_Work item_: Write the data out again exactly, with no pictures.

_Records for processing_:
______________________________

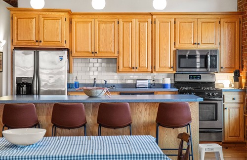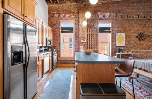 This spacious historic loft is quintessentially Stillwater with its 20 foot exposed beam ceilings and brick walls, all original from when the building was constructed in the 1880's. While it is preserved of it's historic charm, this 2 bedroom loft has been updated with modern amenities like a jacuzzi tub and fully outfitted kitchen for those looking to do some cooking with the produce from the coop down the street.
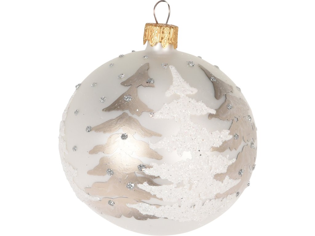 Sada 2 ks - Vánoční koule skleněná se stromky, perleťová/bílá (8 cm)
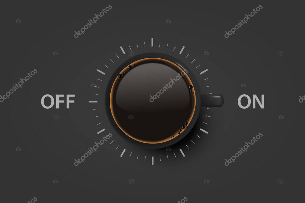 - Vector 3d Realistic Off, On Switch with Coffee in Black Ceramic, Porcelain Coffee Mug on Black. Coffee Cup Icon. Concept Creative Banner with Coffee Cup. Design Template. Top View
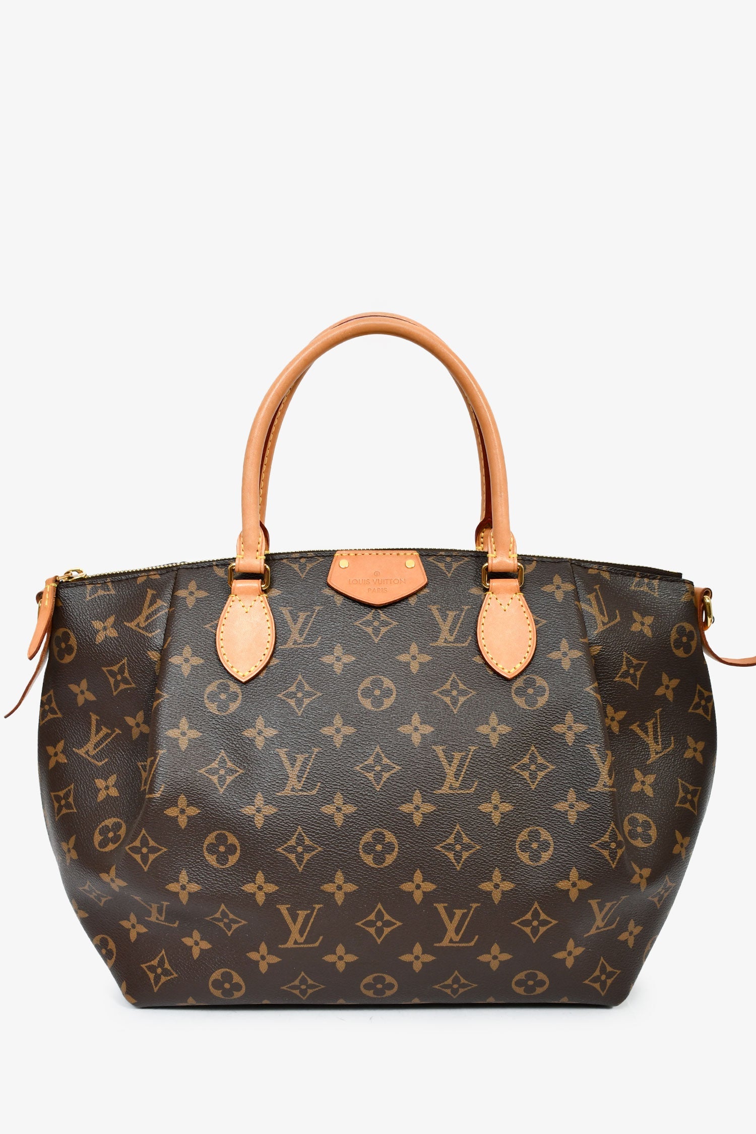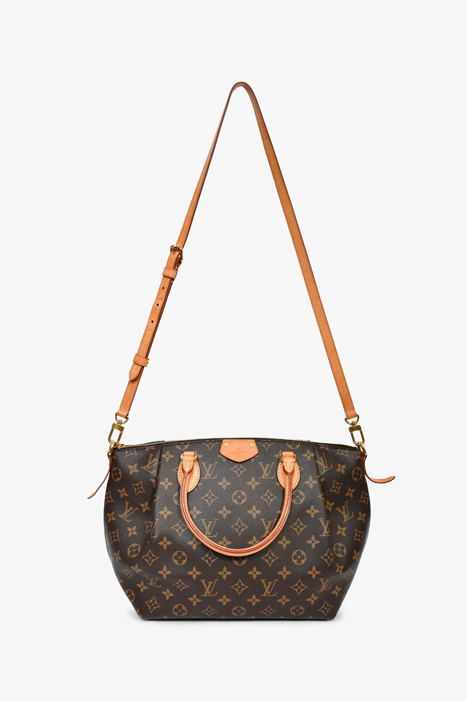 Louis Vuitton 2017 Monogram Turenne MM Crossbody. Top zip closure. Dual handles. Detachable and adjustable strap. Textile-lined interior. 3 interior wall slip pockets. Gold-tone hardware. Tonal stitching.
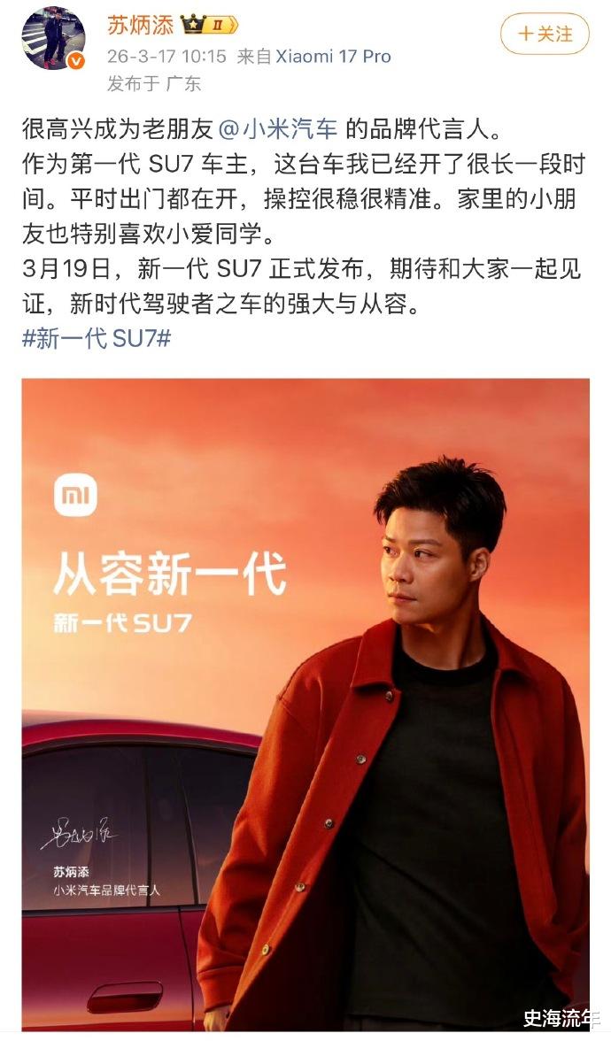 3月17日,雷军一句“因为他是亚洲跑得最快的人,因为他是第一代 SU7 车主,因为他姓 SU”,幽默回应了小米汽车启用苏炳添为代言人的原因。
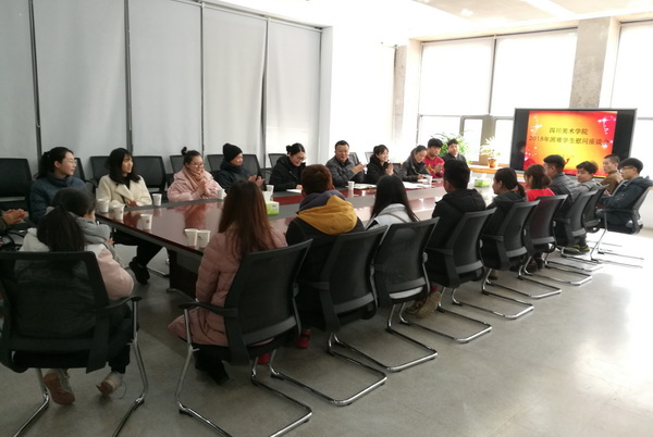 1月16日下午,学校在虎溪校区二会议室召开2018年家庭经济困难学生慰问座谈会。学校党委副书记左益主持会议。学生处、团委、研究生处等部门相关人员以及各院系家庭经济困难本科生、研究生代表20余人参加了会议。

______________________________

_Solution to this task_:
 This spacious historic loft is quintessentially Stillwater with its 20 foot exposed beam ceilings and brick walls, all original from when the building was constructed in the 1880's. While it is preserved of it's historic charm, this 2 bedroom loft has been updated with modern amenities like a jacuzzi tub and fully outfitted kitchen for those looking to do some cooking with the produce from the coop down the street.
 Sada 2 ks - Vánoční koule skleněná se stromky, perleťová/bílá (8 cm)
 - Vector 3d Realistic Off, On Switch with Coffee in Black Ceramic, Porcelain Coffee Mug on Black. Coffee Cup Icon. Concept Creative Banner with Coffee Cup. Design Template. Top View
 Louis Vuitton 2017 Monogram Turenne MM Crossbody. Top zip closure. Dual handles. Detachable and adjustable strap. Textile-lined interior. 3 interior wall slip pockets. Gold-tone hardware. Tonal stitching.
 3月17日,雷军一句“因为他是亚洲跑得最快的人,因为他是第一代 SU7 车主,因为他姓 SU”,幽默回应了小米汽车启用苏炳添为代言人的原因。
 1月16日下午,学校在虎溪校区二会议室召开2018年家庭经济困难学生慰问座谈会。学校党委副书记左益主持会议。学生处、团委、研究生处等部门相关人员以及各院系家庭经济困难本科生、研究生代表20余人参加了会议。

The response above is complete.